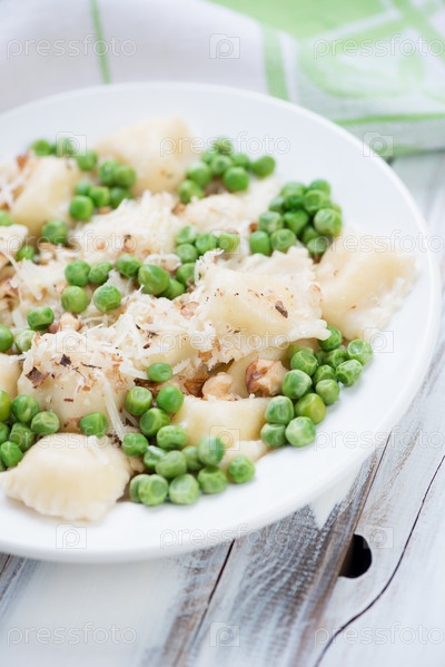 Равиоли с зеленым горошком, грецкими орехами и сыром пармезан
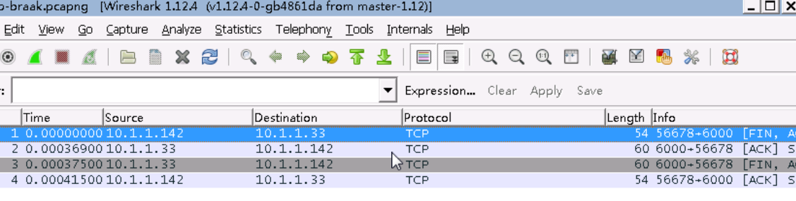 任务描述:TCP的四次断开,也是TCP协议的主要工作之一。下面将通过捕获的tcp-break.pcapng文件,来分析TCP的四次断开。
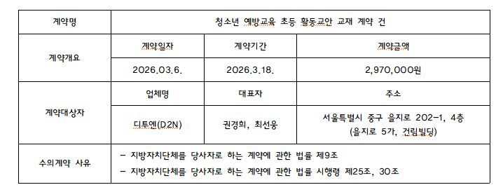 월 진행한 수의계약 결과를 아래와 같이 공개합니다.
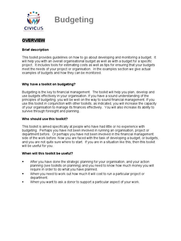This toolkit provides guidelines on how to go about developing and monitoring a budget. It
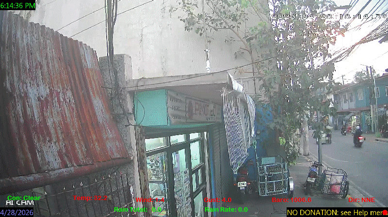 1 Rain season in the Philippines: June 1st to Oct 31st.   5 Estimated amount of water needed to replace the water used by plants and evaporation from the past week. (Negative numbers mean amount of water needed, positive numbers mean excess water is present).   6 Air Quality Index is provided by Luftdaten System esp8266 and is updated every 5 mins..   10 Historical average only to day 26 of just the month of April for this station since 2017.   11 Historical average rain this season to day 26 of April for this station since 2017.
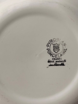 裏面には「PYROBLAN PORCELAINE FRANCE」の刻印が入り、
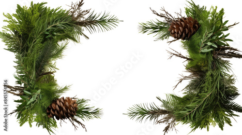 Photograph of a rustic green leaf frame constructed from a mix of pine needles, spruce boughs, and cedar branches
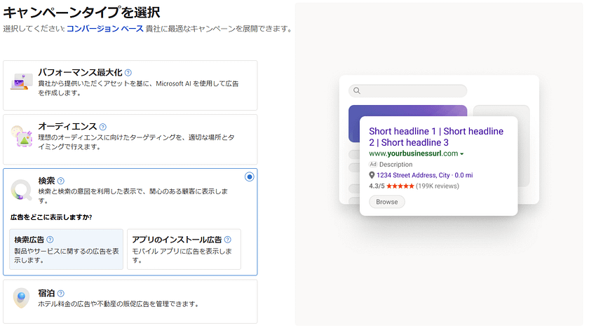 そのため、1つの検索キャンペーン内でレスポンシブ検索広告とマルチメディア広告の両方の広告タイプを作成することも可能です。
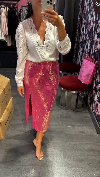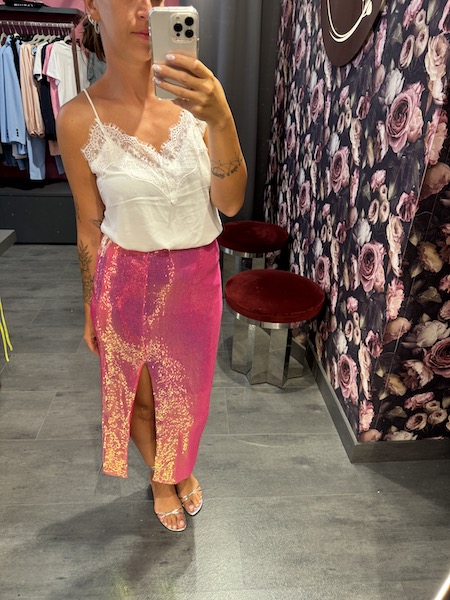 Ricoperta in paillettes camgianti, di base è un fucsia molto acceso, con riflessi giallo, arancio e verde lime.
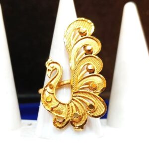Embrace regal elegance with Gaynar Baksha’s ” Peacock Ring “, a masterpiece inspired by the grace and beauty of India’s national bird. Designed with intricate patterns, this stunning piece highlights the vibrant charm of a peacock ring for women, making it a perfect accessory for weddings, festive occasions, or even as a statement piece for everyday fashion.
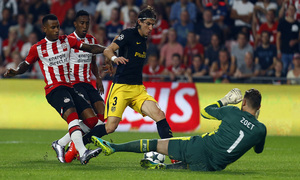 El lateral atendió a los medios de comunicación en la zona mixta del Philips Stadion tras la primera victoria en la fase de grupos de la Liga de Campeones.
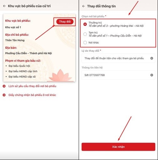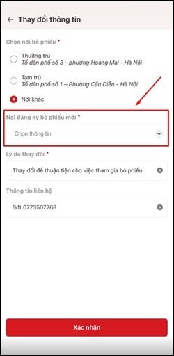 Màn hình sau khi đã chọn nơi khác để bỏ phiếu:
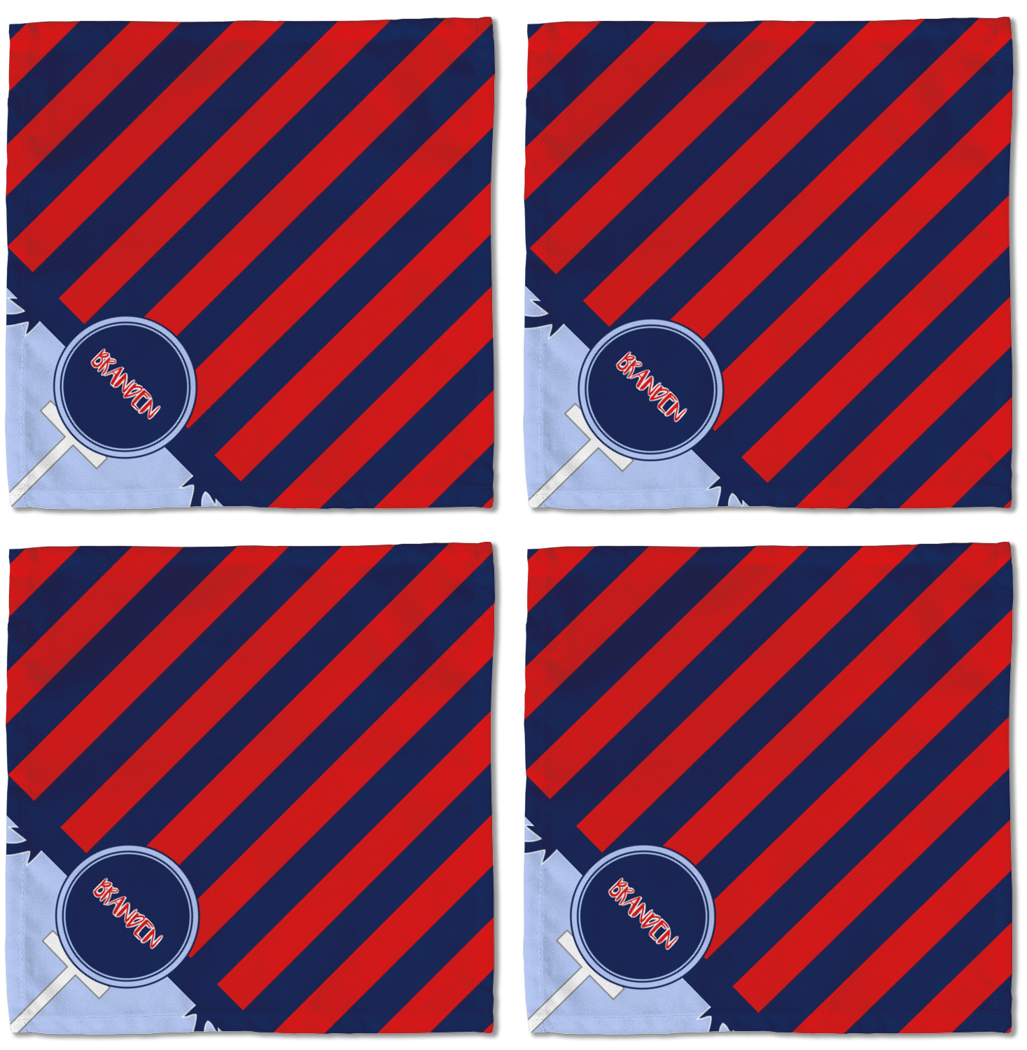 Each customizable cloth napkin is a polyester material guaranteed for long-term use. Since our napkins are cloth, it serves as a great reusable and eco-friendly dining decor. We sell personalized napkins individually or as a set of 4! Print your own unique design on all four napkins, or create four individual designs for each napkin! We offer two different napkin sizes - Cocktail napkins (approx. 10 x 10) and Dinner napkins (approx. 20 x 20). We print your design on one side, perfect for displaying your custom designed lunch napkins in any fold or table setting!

## WHAT IS BEING ASKED
Produce an exact reproduction of the listing above, limited to the lines starting at the line with "This toolkit provides" and ending at the line with "Ricoperta in paillettes", both kept, with every picture left out.

## WORKED SOLUTION
This toolkit provides guidelines on how to go about developing and monitoring a budget. It
 1 Rain season in the Philippines: June 1st to Oct 31st.   5 Estimated amount of water needed to replace the water used by plants and evaporation from the past week. (Negative numbers mean amount of water needed, positive numbers mean excess water is present).   6 Air Quality Index is provided by Luftdaten System esp8266 and is updated every 5 mins..   10 Historical average only to day 26 of just the month of April for this station since 2017.   11 Historical average rain this season to day 26 of April for this station since 2017.
 裏面には「PYROBLAN PORCELAINE FRANCE」の刻印が入り、
 Photograph of a rustic green leaf frame constructed from a mix of pine needles, spruce boughs, and cedar branches
 そのため、1つの検索キャンペーン内でレスポンシブ検索広告とマルチメディア広告の両方の広告タイプを作成することも可能です。
 Ricoperta in paillettes camgianti, di base è un fucsia molto acceso, con riflessi giallo, arancio e verde lime.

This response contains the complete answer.